**Data shown:**
++++++++++
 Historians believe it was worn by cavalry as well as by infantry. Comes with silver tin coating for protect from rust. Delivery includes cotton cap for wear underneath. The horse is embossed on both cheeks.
++++++++++
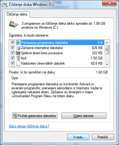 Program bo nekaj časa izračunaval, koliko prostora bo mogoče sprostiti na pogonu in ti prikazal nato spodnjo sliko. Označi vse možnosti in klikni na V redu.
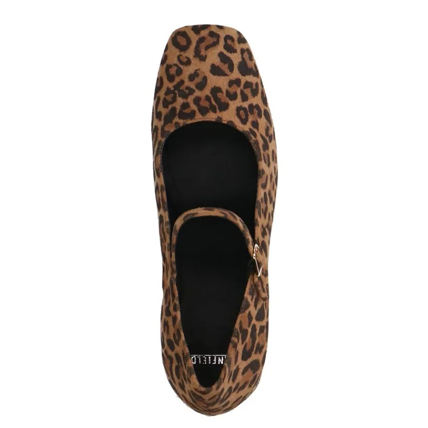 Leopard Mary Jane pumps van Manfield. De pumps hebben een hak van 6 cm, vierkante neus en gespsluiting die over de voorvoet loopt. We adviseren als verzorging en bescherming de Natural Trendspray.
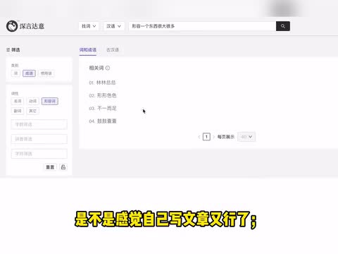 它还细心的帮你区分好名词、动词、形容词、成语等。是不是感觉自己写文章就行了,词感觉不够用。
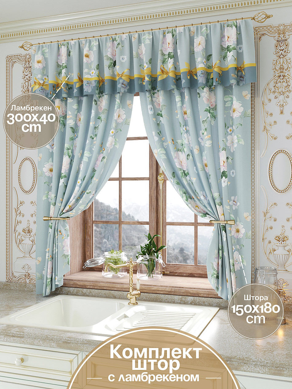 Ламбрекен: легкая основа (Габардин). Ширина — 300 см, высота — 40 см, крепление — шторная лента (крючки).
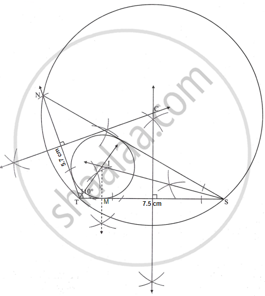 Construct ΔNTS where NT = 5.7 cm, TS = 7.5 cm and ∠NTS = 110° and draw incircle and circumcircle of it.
++++++++++
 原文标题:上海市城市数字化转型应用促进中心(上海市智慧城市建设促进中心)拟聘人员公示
++++++++++
**What you have to do:**
Starting with the line that has "Leopard Mary Jane" and ending with the line that has "Construct ΔNTS where", repeat the lines above exactly, omitting every picture.

**Task response:**
 Leopard Mary Jane pumps van Manfield. De pumps hebben een hak van 6 cm, vierkante neus en gespsluiting die over de voorvoet loopt. We adviseren als verzorging en bescherming de Natural Trendspray.
 它还细心的帮你区分好名词、动词、形容词、成语等。是不是感觉自己写文章就行了,词感觉不够用。
 Ламбрекен: легкая основа (Габардин). Ширина — 300 см, высота — 40 см, крепление — шторная лента (крючки).
 Construct ΔNTS where NT = 5.7 cm, TS = 7.5 cm and ∠NTS = 110° and draw incircle and circumcircle of it.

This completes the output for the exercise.